| Aim of the task |
Repeat exactly the lines of the records below, starting at the line containing "Auf dem Bild" and ending at the line containing "Преобразователь стиля A1.Art". Leave the pictures out.

| Exercise data |

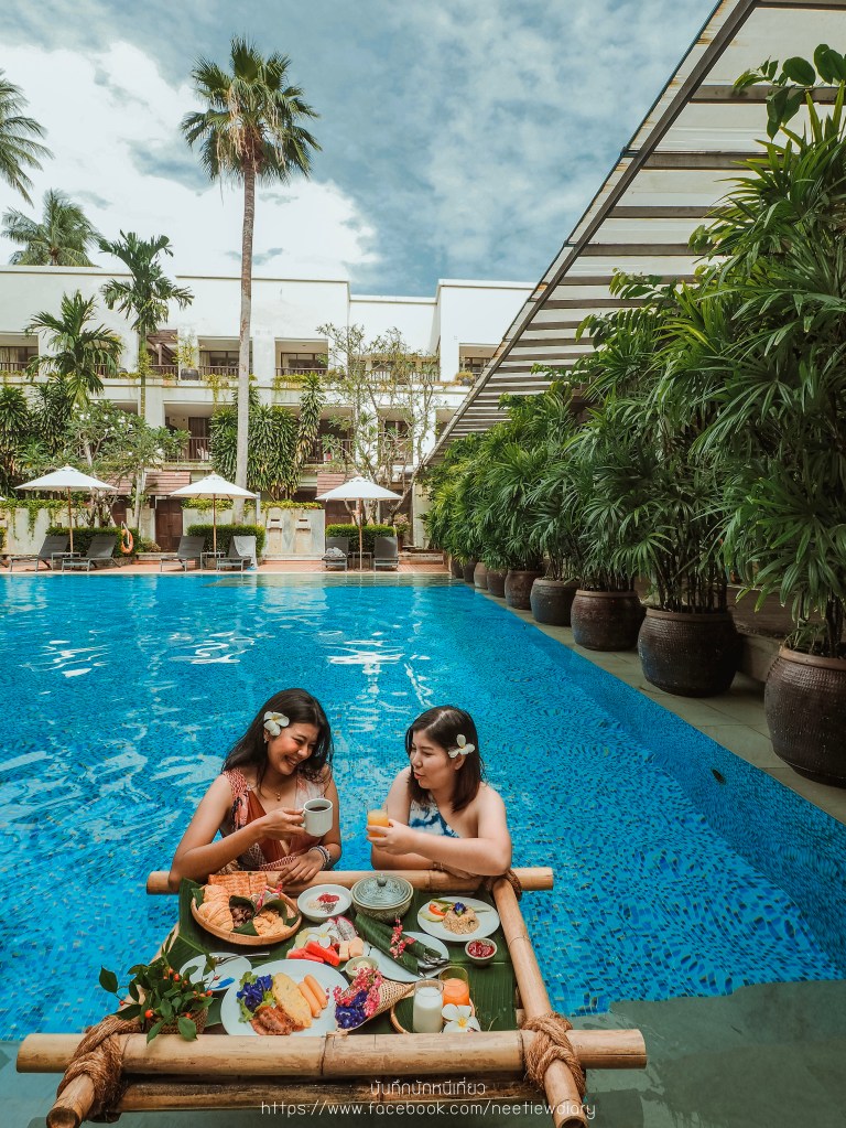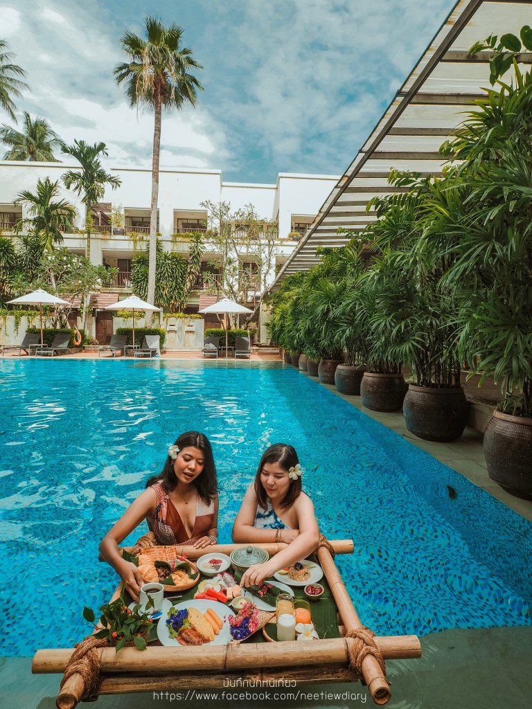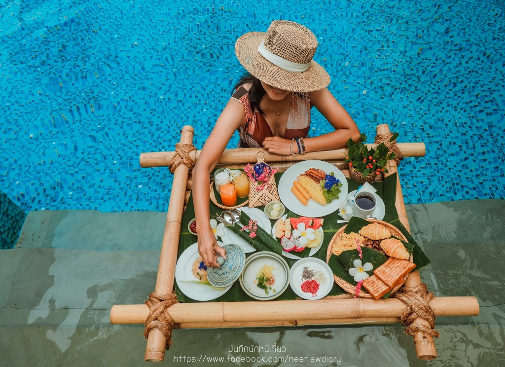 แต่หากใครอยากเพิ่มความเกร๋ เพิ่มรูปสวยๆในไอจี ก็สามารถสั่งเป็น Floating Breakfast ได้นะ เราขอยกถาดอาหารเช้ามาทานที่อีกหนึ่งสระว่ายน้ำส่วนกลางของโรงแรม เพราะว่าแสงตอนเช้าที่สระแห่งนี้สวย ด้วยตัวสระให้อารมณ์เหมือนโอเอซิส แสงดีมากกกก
* * *
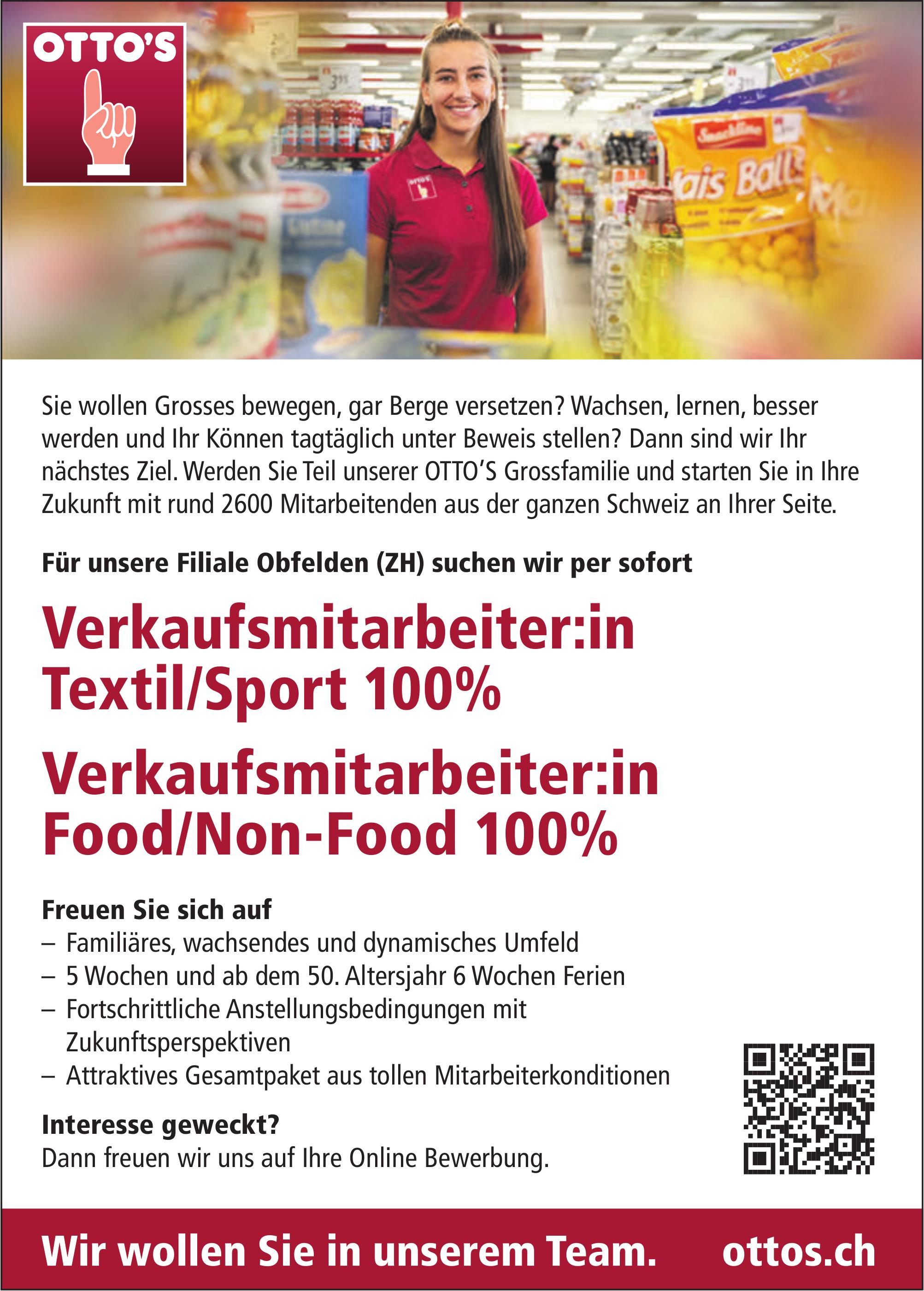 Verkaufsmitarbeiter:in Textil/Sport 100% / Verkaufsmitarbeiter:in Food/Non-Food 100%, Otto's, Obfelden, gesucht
* * *
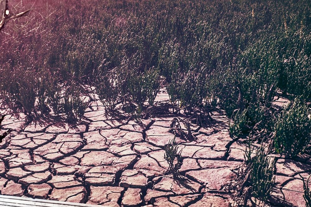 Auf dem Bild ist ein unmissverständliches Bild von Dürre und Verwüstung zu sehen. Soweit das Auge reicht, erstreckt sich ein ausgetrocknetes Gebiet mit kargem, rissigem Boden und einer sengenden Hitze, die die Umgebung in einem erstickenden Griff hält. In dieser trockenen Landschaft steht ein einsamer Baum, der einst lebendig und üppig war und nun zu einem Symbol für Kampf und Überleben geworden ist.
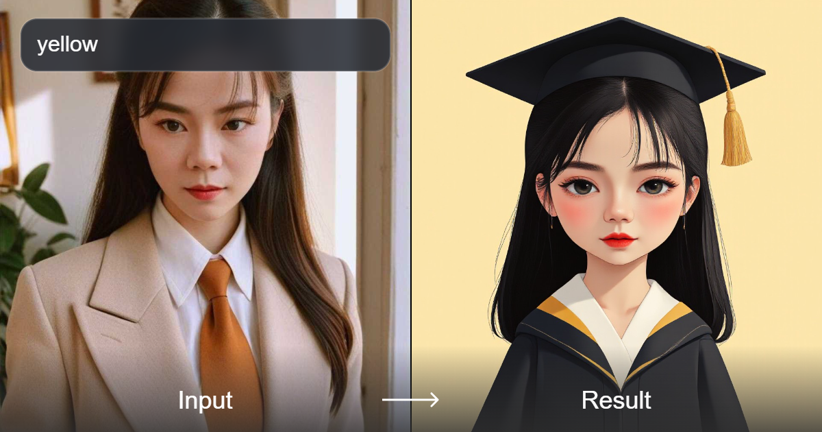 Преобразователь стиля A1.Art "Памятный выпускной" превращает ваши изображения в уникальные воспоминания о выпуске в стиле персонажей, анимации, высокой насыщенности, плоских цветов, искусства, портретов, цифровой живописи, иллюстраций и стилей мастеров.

| Finished exercise |
 Auf dem Bild ist ein unmissverständliches Bild von Dürre und Verwüstung zu sehen. Soweit das Auge reicht, erstreckt sich ein ausgetrocknetes Gebiet mit kargem, rissigem Boden und einer sengenden Hitze, die die Umgebung in einem erstickenden Griff hält. In dieser trockenen Landschaft steht ein einsamer Baum, der einst lebendig und üppig war und nun zu einem Symbol für Kampf und Überleben geworden ist.
 Преобразователь стиля A1.Art "Памятный выпускной" превращает ваши изображения в уникальные воспоминания о выпуске в стиле персонажей, анимации, высокой насыщенности, плоских цветов, искусства, портретов, цифровой живописи, иллюстраций и стилей мастеров.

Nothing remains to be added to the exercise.